Abstract

This work is a critical examination of Vincent’s influences, principles, processes and methods that underpin her 30 years of artistic and socially engaged practice. It examines, as a critical commentary, in the context of theory and literature, reflections on how Vincent brings together professional performers and often marginalised, non-professional participants to create and craft collaborative performance work. These methods of making are investigated through analysis of Vincent’s extensive creative and research work with vulnerable community groups, from which she identifies individuals whose voices she captures and records in order to thread through production work, translated into dance theatre and text-based ‘material’ or used within soundtracks for her work on stage, on film and online. Set against and within the physical, abstract and poetic elements of her work, these ‘messy narratives’ are given a much wider public platform.

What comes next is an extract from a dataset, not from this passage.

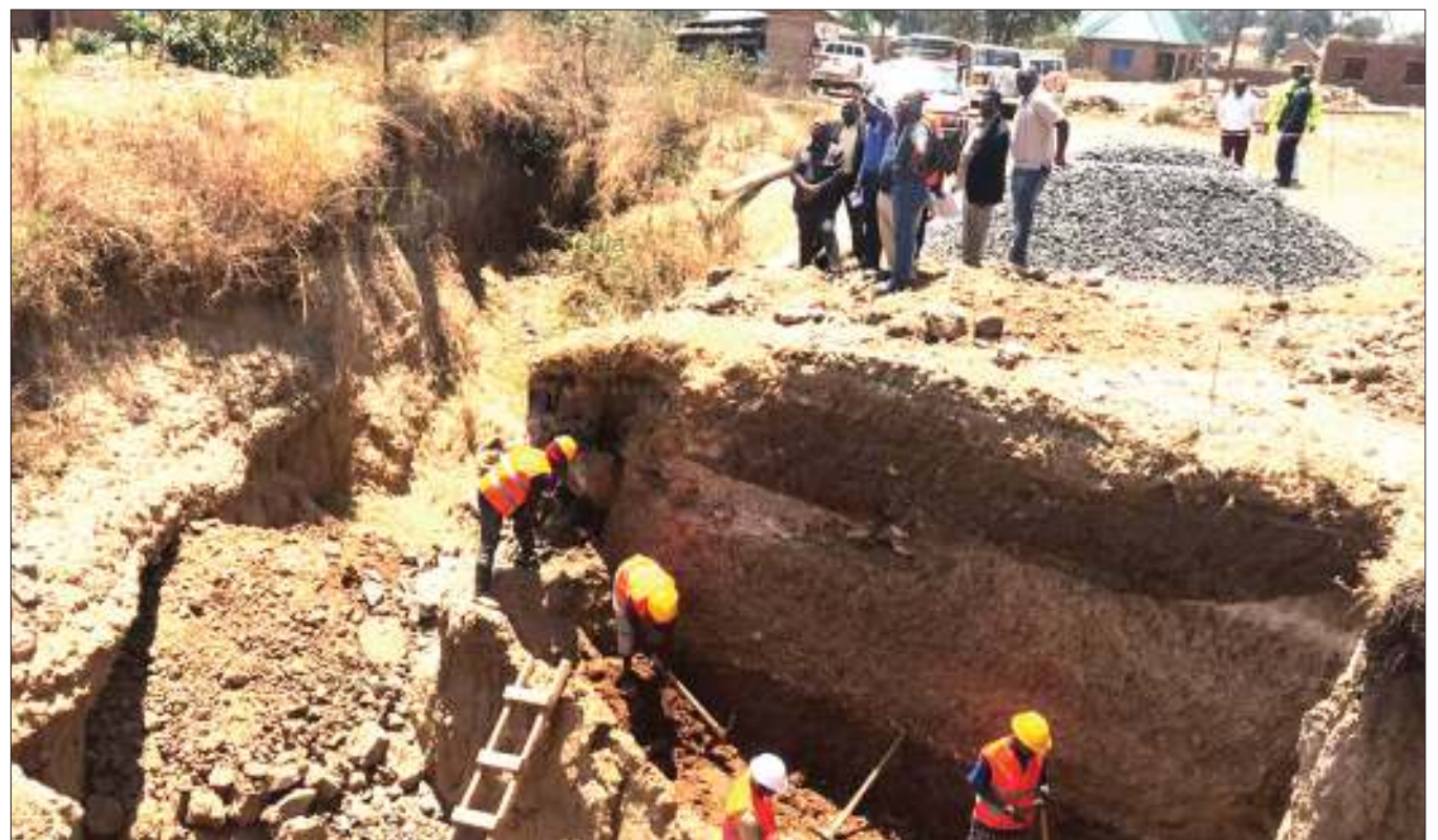
Mafundi wakiendelea na kazi ya kuchimba msingi kwa ajili ya ujenzi wa daraja katika Kata ya Itezi, jijini Mbeya mwishoni mwa wiki, wakati wajumbe wa Kamati ya Ulinzi na Usalama ya Mkoa huo, pamoja na Maofisa wa Wakala wa Barabara za Mijini na Vijijini (Tarura) mkoa, walipotembelea na kukagua baadhi ya miradi.

Alisema wanahabari wengi wamesahau misingi ya kazi zao na badala yake kukubali kutumika na watu wachache wenye malengo binafsi na matokeo yake kuleta chuki ndani ya jamii.

Vincent has built an original, inclusive, skilled and ‘risk tolerant’ practice that reaps results for both professional and non-professional collaborators, participants and audiences alike. Published works as original dance theatre constitute a contribution to knowledge at the forefront of dance theatre. The development of artist and artistry as process and performance are particularly analysed through a Case Study of Vincent’s work Art of Attachment. The work aims to offer an examination of Attachment Theory and child developmental trauma on everyday lives, pushing dance theatre work into new realms and developing a practice based on equality of opportunity and a diversity of voices. The work engages audiences and performers alike as therapy/not therapy. This work has potential for distribution, use and application in arts and non-arts contexts, such as social care, youth services, sociology, social work, psychotherapy and integrative therapeutic arts.